### [TASK DIRECTIONS]
From the line containing "素材:【画像右】ピアス/真鍮 リング(各)/金属" to the line containing "Grób: I.8.14 Ładziak" in the records below, set down every line exactly as it stands, both ends included, and skip the pictures.

### [RECORDS PROVIDED]

%%

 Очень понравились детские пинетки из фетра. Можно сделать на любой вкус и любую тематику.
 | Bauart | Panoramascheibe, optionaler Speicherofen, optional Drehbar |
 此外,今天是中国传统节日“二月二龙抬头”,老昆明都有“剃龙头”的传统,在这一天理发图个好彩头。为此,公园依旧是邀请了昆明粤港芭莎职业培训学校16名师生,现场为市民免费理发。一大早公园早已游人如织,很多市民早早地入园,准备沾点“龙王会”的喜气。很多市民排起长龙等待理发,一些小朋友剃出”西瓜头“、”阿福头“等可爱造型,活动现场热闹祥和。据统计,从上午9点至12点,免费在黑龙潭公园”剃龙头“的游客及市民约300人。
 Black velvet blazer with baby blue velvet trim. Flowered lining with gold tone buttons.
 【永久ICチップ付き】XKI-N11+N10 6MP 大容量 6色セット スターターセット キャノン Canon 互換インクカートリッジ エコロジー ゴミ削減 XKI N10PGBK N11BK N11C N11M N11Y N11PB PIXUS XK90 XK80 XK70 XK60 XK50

%%
%%

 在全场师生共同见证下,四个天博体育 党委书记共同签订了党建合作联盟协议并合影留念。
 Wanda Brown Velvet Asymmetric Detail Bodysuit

%%
%%

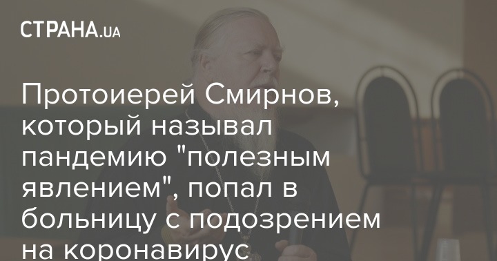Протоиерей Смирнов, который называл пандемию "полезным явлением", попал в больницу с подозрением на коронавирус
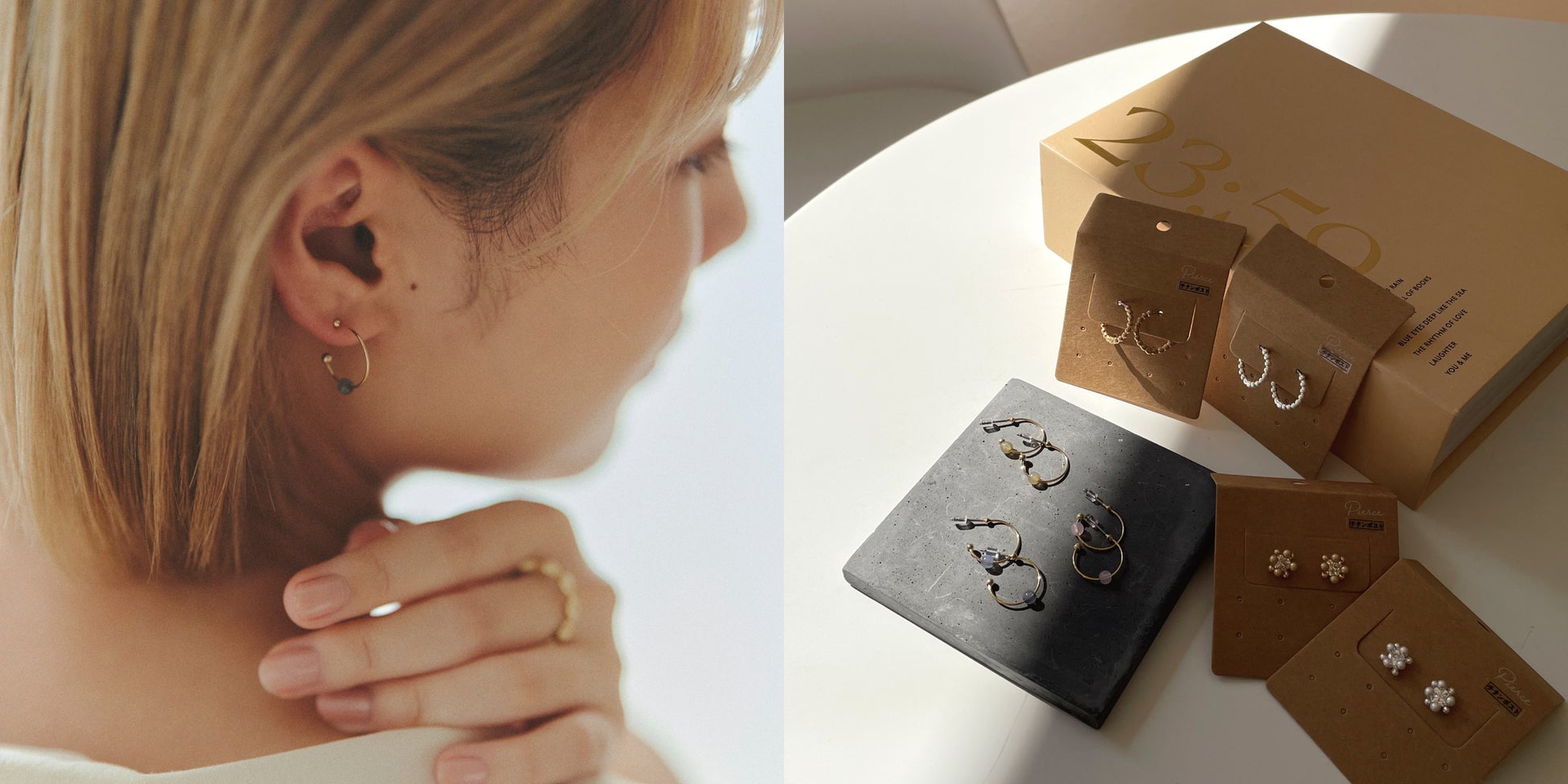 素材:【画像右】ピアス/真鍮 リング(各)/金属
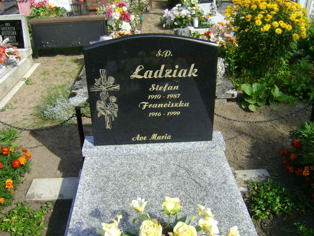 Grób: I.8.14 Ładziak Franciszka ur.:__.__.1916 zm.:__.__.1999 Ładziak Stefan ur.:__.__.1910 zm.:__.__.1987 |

%%

### [SOLUTION TO THIS TASK]
 素材:【画像右】ピアス/真鍮 リング(各)/金属
 Grób: I.8.14 Ładziak Franciszka ur.:__.__.1916 zm.:__.__.1999 Ładziak Stefan ur.:__.__.1910 zm.:__.__.1987 |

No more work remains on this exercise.